Look for "видно" in the records and copy every line that has it.

[[ DATASET CONTENT open ]]

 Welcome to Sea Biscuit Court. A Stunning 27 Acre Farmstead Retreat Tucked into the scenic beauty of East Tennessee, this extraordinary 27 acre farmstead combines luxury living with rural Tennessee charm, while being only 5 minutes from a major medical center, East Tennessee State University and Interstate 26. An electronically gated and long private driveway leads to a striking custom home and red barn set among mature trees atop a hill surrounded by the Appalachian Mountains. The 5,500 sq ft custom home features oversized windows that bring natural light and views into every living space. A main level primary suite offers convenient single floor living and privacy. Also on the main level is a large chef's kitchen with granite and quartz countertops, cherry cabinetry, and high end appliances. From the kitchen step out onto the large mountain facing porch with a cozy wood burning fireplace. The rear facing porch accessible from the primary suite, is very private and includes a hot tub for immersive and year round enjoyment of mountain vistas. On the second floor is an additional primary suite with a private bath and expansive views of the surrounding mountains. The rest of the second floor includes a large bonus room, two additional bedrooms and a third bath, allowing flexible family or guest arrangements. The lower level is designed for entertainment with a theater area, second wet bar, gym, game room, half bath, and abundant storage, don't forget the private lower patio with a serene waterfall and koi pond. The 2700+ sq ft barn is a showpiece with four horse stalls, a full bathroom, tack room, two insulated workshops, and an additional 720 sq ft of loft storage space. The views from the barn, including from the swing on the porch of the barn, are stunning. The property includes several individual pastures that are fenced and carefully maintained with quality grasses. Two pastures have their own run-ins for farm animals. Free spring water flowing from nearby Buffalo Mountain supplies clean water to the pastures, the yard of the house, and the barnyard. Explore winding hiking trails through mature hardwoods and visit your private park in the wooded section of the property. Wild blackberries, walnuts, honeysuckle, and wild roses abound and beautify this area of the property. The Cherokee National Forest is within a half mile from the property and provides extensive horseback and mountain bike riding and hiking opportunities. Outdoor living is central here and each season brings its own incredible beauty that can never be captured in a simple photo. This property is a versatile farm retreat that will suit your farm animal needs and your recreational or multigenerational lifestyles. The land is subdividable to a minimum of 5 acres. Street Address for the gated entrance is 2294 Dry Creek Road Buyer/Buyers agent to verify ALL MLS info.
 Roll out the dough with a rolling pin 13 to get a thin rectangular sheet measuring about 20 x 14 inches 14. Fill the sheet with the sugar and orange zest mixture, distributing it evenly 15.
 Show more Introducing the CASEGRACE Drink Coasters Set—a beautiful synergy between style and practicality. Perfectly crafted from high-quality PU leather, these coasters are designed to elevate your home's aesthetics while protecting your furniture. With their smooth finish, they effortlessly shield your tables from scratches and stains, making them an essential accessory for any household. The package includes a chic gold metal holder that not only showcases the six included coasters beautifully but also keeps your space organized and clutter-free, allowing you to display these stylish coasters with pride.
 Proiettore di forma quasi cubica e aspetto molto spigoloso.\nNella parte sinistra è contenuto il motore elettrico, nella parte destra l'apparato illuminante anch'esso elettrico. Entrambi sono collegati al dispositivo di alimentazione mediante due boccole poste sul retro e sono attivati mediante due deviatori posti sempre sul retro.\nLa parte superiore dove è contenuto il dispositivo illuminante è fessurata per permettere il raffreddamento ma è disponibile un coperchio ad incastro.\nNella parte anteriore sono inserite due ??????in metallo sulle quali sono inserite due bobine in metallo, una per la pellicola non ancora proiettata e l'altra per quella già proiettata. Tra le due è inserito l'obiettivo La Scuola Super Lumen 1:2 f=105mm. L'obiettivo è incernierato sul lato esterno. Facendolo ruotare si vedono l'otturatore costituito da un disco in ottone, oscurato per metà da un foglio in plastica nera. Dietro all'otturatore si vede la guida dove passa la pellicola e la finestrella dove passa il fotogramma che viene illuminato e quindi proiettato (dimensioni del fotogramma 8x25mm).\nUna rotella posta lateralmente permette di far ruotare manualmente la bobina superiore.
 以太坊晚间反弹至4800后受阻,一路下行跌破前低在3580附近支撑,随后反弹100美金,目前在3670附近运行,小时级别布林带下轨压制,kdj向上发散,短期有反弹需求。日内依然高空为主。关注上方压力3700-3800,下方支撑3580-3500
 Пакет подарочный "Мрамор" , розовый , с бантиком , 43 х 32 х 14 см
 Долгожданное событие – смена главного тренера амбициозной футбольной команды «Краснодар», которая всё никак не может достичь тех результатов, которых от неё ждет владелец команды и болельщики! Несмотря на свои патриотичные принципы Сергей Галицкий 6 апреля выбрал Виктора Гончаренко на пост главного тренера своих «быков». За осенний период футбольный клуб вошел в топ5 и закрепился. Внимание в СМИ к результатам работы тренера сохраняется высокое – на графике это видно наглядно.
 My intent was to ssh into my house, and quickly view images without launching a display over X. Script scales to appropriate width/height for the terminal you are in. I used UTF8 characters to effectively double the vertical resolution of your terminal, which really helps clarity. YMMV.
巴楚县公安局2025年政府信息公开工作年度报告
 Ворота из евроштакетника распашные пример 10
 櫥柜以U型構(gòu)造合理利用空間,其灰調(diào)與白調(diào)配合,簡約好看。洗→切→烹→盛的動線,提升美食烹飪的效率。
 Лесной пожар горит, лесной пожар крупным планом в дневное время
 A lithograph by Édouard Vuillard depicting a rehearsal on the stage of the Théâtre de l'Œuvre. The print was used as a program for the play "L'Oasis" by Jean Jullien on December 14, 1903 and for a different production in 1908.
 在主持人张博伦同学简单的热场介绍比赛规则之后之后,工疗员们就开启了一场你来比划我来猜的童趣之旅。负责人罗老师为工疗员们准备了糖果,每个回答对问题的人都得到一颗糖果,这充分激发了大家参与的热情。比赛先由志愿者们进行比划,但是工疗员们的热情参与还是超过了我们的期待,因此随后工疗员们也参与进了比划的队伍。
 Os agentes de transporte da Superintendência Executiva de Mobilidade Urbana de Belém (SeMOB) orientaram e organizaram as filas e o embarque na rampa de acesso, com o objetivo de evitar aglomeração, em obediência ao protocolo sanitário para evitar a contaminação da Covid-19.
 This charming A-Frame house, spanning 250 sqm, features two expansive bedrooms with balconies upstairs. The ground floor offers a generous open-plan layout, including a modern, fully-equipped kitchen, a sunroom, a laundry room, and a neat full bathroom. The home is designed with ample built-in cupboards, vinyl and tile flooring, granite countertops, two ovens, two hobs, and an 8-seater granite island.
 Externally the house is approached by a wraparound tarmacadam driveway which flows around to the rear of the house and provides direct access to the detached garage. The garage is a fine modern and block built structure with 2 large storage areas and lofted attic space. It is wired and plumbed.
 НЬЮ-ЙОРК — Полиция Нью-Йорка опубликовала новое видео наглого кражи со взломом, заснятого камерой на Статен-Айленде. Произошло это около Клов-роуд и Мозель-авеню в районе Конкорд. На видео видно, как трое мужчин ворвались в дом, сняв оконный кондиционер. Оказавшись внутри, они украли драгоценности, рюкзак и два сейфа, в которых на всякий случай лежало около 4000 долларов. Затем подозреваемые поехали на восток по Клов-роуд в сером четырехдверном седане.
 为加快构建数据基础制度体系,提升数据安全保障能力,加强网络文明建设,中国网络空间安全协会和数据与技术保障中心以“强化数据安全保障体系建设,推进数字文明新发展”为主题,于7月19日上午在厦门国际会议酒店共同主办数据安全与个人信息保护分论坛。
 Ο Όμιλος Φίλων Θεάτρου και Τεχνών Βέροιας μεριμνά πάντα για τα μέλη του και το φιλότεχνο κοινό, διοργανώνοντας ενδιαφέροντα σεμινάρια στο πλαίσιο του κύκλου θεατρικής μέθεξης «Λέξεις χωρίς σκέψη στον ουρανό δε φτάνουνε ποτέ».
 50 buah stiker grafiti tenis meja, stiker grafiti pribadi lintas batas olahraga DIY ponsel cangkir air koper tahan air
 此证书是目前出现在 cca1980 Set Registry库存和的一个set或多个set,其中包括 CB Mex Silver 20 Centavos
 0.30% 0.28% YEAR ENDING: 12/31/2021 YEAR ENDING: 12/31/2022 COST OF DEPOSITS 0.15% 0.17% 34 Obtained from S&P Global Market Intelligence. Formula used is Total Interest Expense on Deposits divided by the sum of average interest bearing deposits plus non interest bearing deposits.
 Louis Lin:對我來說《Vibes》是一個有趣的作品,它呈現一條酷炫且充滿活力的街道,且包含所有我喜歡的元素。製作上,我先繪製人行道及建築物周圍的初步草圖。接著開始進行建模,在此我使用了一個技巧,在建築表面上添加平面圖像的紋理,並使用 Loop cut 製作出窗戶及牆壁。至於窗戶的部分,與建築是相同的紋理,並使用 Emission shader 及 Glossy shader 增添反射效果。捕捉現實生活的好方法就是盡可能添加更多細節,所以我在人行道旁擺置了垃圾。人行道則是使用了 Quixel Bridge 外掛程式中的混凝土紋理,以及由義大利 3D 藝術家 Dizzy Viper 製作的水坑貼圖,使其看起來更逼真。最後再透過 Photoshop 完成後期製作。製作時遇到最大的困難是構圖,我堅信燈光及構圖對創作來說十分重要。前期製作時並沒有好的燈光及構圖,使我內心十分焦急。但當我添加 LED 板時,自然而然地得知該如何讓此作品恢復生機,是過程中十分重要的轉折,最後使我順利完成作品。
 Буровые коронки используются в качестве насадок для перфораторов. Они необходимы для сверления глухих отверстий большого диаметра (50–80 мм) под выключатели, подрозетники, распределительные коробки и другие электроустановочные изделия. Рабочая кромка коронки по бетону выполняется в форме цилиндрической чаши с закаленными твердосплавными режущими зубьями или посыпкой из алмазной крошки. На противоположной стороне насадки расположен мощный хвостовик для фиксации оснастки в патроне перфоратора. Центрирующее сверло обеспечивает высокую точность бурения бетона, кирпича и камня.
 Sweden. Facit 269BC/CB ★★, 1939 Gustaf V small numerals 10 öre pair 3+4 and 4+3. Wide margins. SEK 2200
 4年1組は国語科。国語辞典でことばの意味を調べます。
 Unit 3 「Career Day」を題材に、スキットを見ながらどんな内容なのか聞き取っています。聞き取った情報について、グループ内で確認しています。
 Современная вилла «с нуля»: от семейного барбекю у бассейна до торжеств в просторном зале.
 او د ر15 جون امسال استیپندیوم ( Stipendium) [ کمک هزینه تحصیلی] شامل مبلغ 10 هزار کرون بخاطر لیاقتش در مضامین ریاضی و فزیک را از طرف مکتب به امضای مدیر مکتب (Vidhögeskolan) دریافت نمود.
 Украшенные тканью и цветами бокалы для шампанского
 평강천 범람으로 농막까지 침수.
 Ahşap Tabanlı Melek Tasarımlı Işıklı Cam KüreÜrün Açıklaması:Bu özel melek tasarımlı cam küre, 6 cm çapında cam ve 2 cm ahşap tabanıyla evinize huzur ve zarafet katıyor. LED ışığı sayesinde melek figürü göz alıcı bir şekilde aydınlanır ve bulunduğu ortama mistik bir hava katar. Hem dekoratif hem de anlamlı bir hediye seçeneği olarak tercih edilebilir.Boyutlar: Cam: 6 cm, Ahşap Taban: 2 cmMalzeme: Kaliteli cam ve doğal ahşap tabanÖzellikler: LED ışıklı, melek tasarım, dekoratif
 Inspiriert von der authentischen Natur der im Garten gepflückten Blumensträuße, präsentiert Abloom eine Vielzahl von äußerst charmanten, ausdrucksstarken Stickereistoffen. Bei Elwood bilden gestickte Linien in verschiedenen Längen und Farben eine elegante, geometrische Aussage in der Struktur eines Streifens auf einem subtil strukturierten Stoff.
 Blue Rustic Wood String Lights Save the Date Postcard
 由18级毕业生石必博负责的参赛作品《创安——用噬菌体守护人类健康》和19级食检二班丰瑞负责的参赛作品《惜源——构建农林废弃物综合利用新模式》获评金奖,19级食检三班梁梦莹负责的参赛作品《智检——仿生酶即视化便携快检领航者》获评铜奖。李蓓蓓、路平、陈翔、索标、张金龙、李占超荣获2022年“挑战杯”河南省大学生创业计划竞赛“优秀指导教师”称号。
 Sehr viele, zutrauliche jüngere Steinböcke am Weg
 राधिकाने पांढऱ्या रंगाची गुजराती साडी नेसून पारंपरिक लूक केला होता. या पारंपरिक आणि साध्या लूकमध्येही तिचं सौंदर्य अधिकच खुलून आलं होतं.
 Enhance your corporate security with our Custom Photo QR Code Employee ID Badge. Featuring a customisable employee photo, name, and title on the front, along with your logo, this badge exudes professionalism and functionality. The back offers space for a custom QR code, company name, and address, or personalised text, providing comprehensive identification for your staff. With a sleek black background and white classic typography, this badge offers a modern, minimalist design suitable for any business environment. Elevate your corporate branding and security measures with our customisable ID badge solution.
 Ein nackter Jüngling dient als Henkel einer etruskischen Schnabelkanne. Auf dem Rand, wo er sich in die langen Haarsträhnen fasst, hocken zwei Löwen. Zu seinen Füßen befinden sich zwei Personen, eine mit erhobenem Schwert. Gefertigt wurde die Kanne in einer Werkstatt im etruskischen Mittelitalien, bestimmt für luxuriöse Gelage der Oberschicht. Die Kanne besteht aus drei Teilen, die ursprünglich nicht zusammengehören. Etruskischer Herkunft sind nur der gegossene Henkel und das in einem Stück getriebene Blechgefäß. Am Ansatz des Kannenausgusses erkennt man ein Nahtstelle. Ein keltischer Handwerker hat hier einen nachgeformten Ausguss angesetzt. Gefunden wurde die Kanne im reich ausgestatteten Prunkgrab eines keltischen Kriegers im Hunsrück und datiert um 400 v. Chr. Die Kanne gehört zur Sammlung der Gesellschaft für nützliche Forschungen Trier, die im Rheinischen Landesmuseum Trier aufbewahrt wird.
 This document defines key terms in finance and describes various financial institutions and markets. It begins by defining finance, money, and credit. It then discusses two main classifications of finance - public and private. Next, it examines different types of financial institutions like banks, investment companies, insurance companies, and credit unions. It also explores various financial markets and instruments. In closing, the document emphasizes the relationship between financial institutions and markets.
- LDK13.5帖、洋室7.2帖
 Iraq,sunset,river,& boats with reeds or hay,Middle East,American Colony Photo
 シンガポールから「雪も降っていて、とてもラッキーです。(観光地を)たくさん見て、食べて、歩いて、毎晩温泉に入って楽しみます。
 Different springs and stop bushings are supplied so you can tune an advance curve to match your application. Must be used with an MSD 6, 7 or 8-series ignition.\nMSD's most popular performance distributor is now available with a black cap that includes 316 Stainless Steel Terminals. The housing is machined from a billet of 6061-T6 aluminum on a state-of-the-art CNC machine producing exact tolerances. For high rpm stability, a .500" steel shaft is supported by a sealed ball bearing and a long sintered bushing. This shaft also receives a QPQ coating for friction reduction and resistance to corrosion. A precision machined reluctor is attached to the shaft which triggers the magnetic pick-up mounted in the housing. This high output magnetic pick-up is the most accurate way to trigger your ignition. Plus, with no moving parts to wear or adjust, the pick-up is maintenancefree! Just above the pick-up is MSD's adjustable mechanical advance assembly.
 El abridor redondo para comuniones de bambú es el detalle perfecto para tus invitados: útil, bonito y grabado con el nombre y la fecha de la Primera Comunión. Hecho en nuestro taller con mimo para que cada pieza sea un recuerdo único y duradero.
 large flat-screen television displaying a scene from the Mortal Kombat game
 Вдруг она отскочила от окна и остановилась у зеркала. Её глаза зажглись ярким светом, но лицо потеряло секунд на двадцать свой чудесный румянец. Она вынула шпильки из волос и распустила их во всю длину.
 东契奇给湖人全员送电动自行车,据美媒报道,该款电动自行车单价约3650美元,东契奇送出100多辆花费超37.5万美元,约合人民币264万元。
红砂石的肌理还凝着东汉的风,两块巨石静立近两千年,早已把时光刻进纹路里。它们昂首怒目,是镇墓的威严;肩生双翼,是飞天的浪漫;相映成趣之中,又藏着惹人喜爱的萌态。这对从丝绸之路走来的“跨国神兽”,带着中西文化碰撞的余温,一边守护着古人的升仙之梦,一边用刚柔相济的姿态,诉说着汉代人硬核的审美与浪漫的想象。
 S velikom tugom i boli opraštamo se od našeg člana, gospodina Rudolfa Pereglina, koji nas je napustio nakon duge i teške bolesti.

[[ DATASET CONTENT closed ]]

**ANSWER BOX**
 Долгожданное событие – смена главного тренера амбициозной футбольной команды «Краснодар», которая всё никак не может достичь тех результатов, которых от неё ждет владелец команды и болельщики! Несмотря на свои патриотичные принципы Сергей Галицкий 6 апреля выбрал Виктора Гончаренко на пост главного тренера своих «быков». За осенний период футбольный клуб вошел в топ5 и закрепился. Внимание в СМИ к результатам работы тренера сохраняется высокое – на графике это видно наглядно.
 НЬЮ-ЙОРК — Полиция Нью-Йорка опубликовала новое видео наглого кражи со взломом, заснятого камерой на Статен-Айленде. Произошло это около Клов-роуд и Мозель-авеню в районе Конкорд. На видео видно, как трое мужчин ворвались в дом, сняв оконный кондиционер. Оказавшись внутри, они украли драгоценности, рюкзак и два сейфа, в которых на всякий случай лежало около 4000 долларов. Затем подозреваемые поехали на восток по Клов-роуд в сером четырехдверном седане.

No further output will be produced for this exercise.